START DATASET EXCERPT
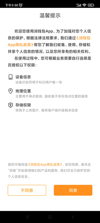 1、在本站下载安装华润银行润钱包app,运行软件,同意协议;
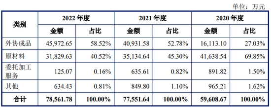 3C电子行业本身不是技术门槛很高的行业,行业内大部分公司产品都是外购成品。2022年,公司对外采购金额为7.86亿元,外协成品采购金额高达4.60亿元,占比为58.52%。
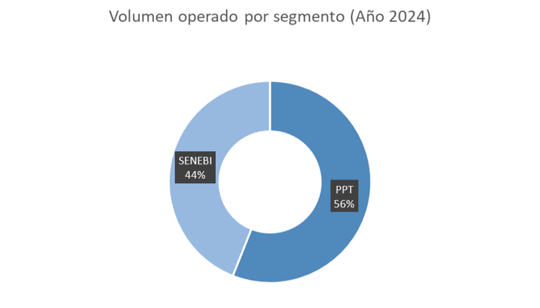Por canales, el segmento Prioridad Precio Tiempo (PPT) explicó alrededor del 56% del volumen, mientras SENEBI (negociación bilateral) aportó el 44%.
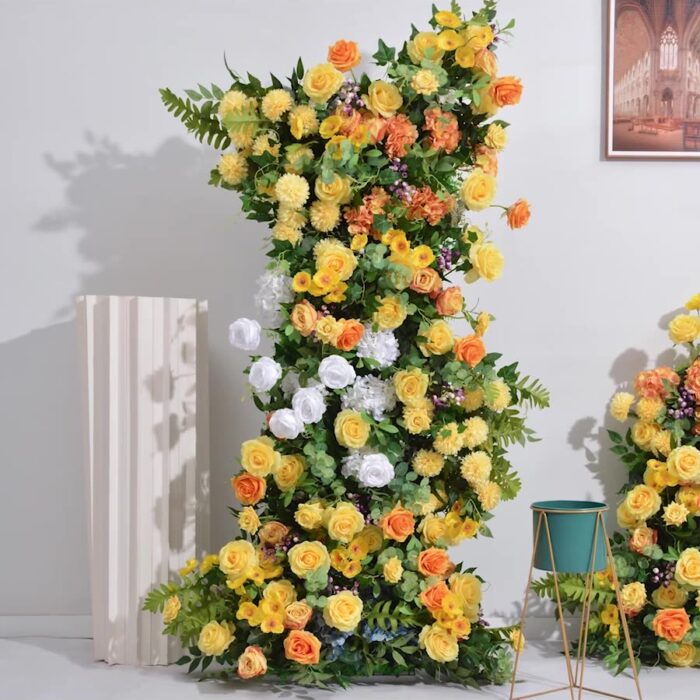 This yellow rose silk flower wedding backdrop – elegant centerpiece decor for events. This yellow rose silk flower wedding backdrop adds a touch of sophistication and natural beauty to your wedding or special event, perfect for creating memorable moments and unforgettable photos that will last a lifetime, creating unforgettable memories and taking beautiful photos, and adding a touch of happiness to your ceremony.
END DATASET EXCERPT
ACTIVITY> Write the listing out exactly, apart from its pictures.

EXPECTED ANSWER>
 1、在本站下载安装华润银行润钱包app,运行软件,同意协议;
 3C电子行业本身不是技术门槛很高的行业,行业内大部分公司产品都是外购成品。2022年,公司对外采购金额为7.86亿元,外协成品采购金额高达4.60亿元,占比为58.52%。
Por canales, el segmento Prioridad Precio Tiempo (PPT) explicó alrededor del 56% del volumen, mientras SENEBI (negociación bilateral) aportó el 44%.
 This yellow rose silk flower wedding backdrop – elegant centerpiece decor for events. This yellow rose silk flower wedding backdrop adds a touch of sophistication and natural beauty to your wedding or special event, perfect for creating memorable moments and unforgettable photos that will last a lifetime, creating unforgettable memories and taking beautiful photos, and adding a touch of happiness to your ceremony.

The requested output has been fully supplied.